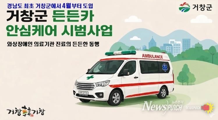 뉴스펀치 박세훈 기자 | 거창군은 경상남도 교통정책과 공모를 통해 지난 3월 11일에 선정된 ‘2026년 든든카(Car) 안심케어(Care) 시범사업’을 지역 내 교통약자 와상장애인의 의료기관 이동편의 개선을 위해 4월 24일부터 경상남도에서 최초로 도입한다고 밝혔다.
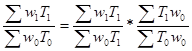 Здесь в исходной информации веса (площадь под культурами) не заданы, но входят сомножителем в валовой сбор, равный урожайности, умноженной на площадь Mi
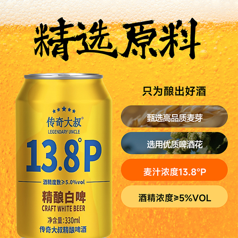 传奇大叔精酿白啤原浆啤酒全麦小麦麦芽啤酒夏季畅饮整箱批发解暑
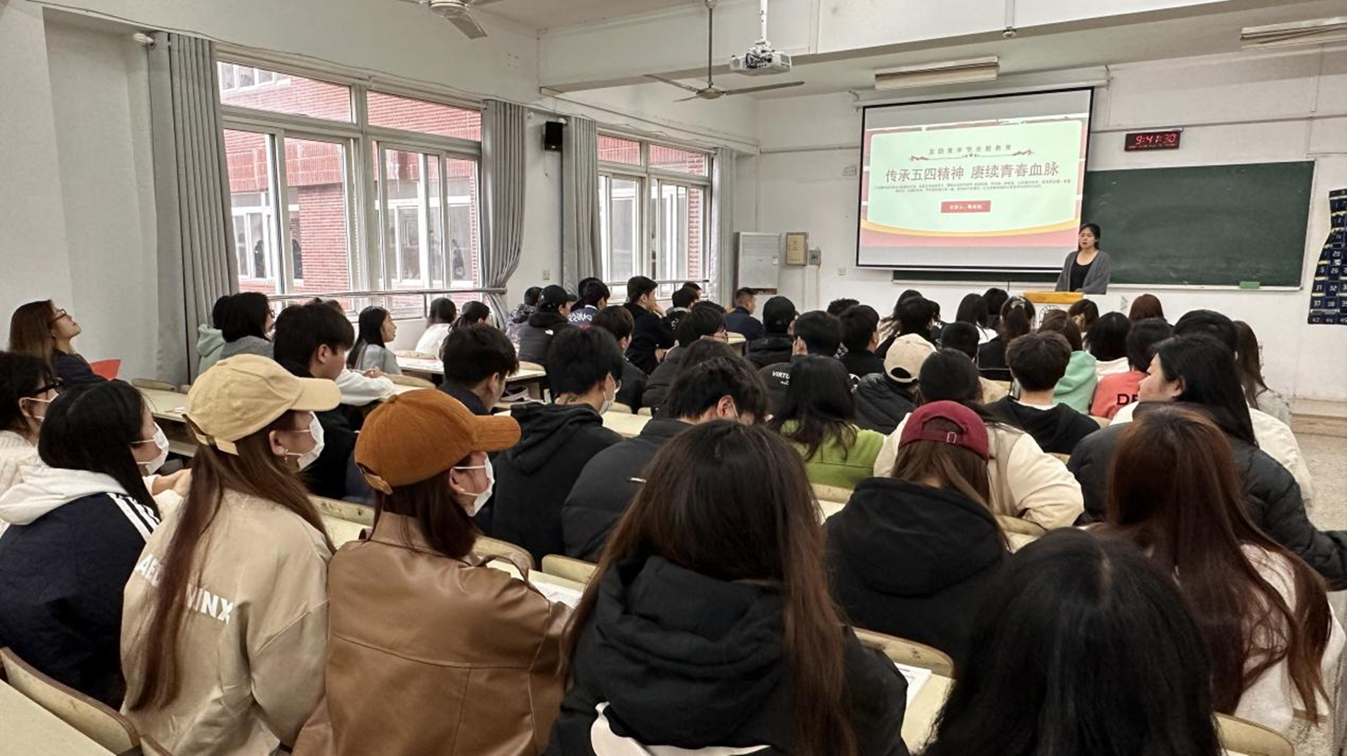 开展“传承五四精神,赓续青春血脉”主题团课。加强学生理论学习,进一步坚定青少年永远跟党走,为国做贡献的信心和决心,激励广大青年坚定信仰,砥砺品德,珍惜时光,勤奋学习,追逐青春理想。

____

The material above must be printed exactly, with its pictures left out.

 뉴스펀치 박세훈 기자 | 거창군은 경상남도 교통정책과 공모를 통해 지난 3월 11일에 선정된 ‘2026년 든든카(Car) 안심케어(Care) 시범사업’을 지역 내 교통약자 와상장애인의 의료기관 이동편의 개선을 위해 4월 24일부터 경상남도에서 최초로 도입한다고 밝혔다.
 Здесь в исходной информации веса (площадь под культурами) не заданы, но входят сомножителем в валовой сбор, равный урожайности, умноженной на площадь Mi
 传奇大叔精酿白啤原浆啤酒全麦小麦麦芽啤酒夏季畅饮整箱批发解暑
 开展“传承五四精神,赓续青春血脉”主题团课。加强学生理论学习,进一步坚定青少年永远跟党走,为国做贡献的信心和决心,激励广大青年坚定信仰,砥砺品德,珍惜时光,勤奋学习,追逐青春理想。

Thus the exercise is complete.